Now, on to the second question — why the delay. Well, it turns out that ZCML makes life a bit more difficult when packaging your code. Linux wasn’t a problem — you just use distutils and specify a recursive-include in the MANIFEST.in. Windows is a different story — we’re using py2exe, which means there are two problems: first, py2exe ignores the MANIFEST.in when finding modules to include. This makes a certain perverse sense, but it still bites you in the ass. After hacking up a script to include the ZCML along side the Python byte-code, though, you [I] realize something — the byte code is in a ZIP file, and your code doesn’t traverse into ZIP files (ala PEP 302 ) to retrieve the ZCML resources properly. Additionally, even though you can set up a dummy tree along side library.zip containing the ZCML, the Python pathing makes things, well, ugly. Really ugly. Sigh.

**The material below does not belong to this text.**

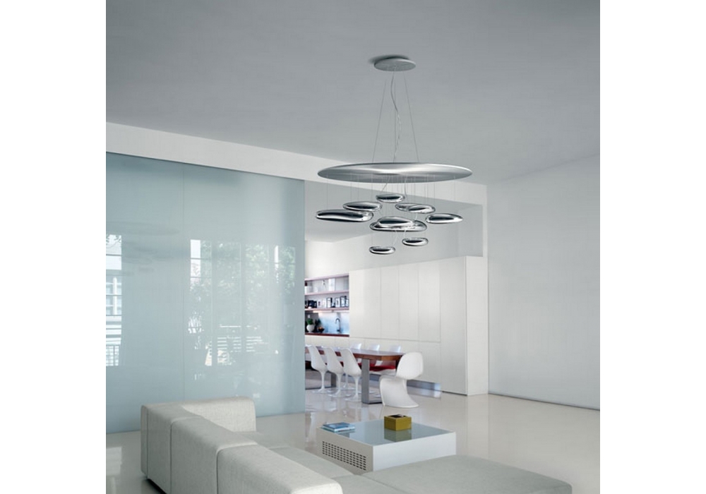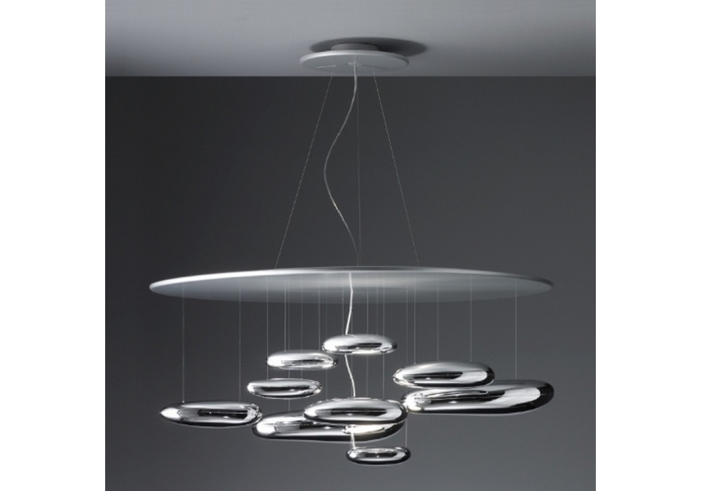 Mercury firmata da Ross Lovegrove per Artemide è una lampada a sospensione con rosone e piastra di ancoraggio circolare in alluminio. I diffusori sono dei ciottoli fluttuanti con delle fonti di luce di tipo LED con sistema di dimmerabilità Push. Mercury è disponibile in differenti versioni di sorgente luminosa.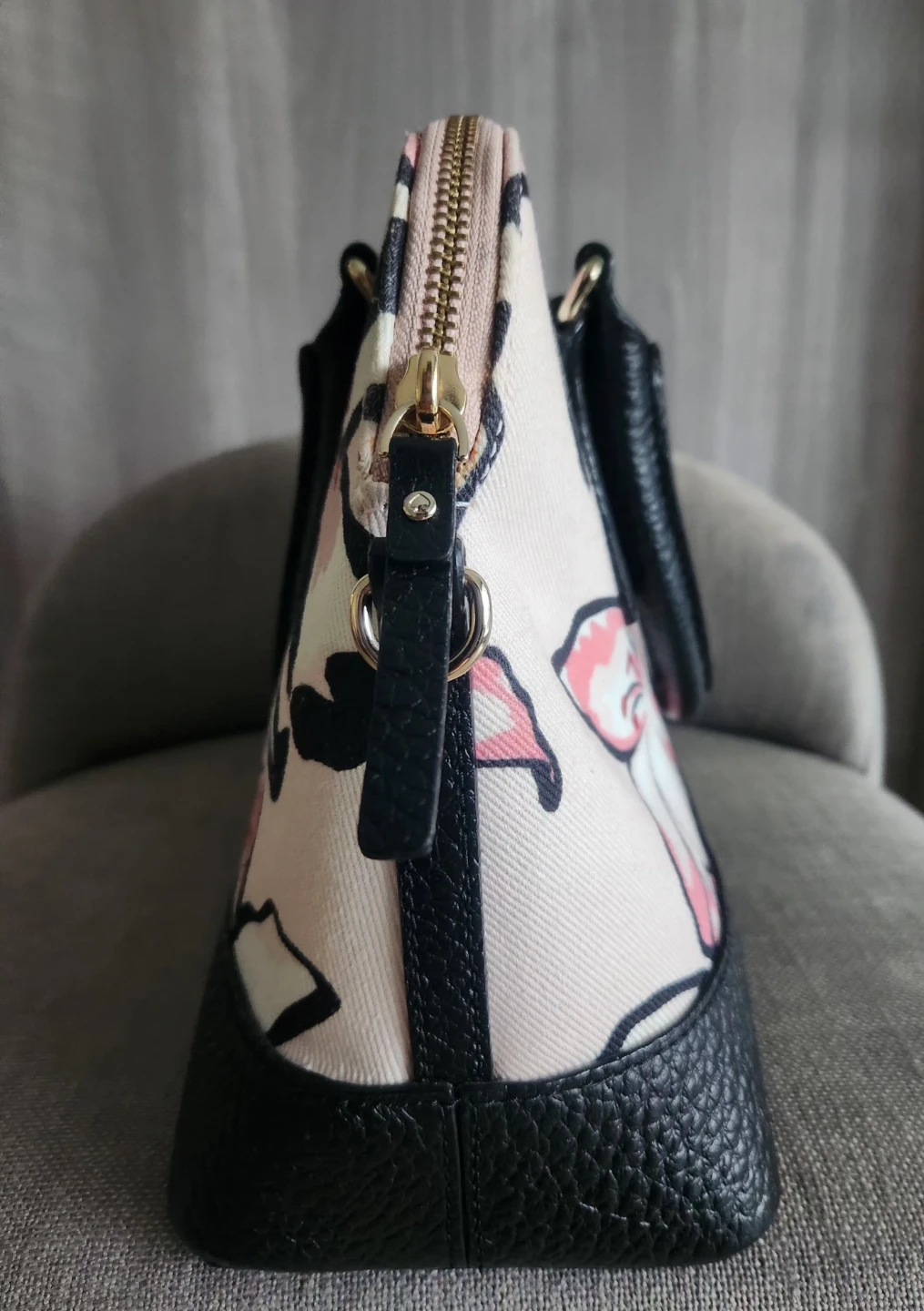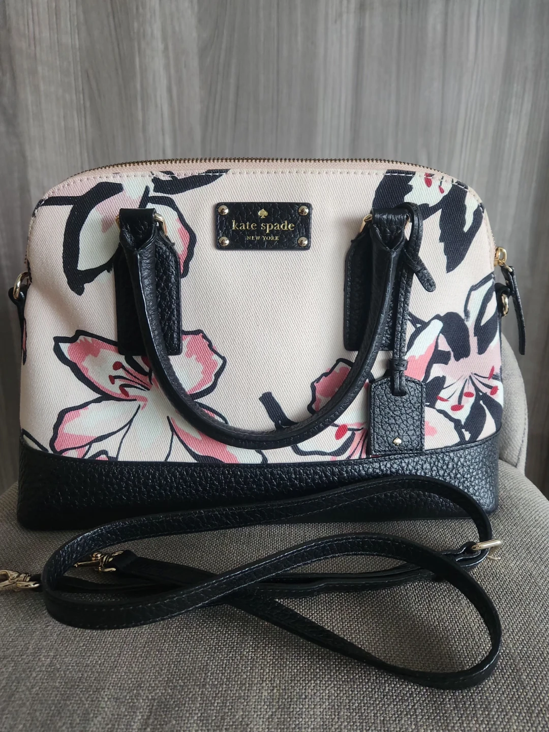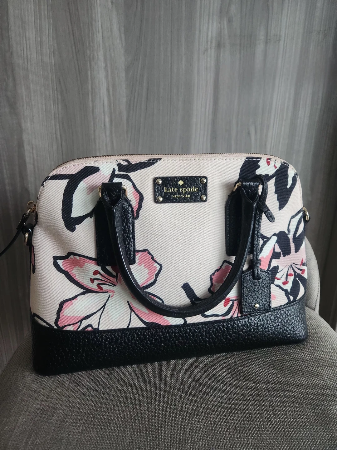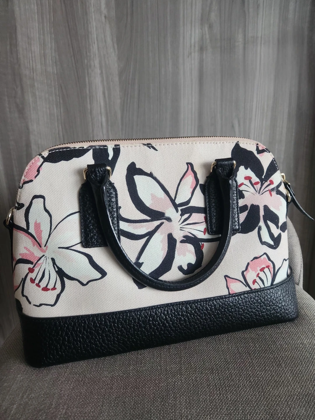 Here's a lovely LIKE-NEW Kate Spade dome satchel (tags removed, but never used)! It features a beautiful floral pattern on a light pink background with black leather trim. It also comes with a detachable shoulder strap for versatility. Perfect as a holiday gifting or for adding a touch of elegance to any outfit!

So ccPublisher 2 Developer Preview is slightly delayed on Windows while we make some retrofits to the code. The solution I’ve decided on is Python Eggs . Eggs let you package your Python code, make explicit declarations about dependencies and (most importantly for this situation) access non-code resources stored in the package.

So interestly, PJE appears to have the ability to spark concern as well as solve weird edge-case problems.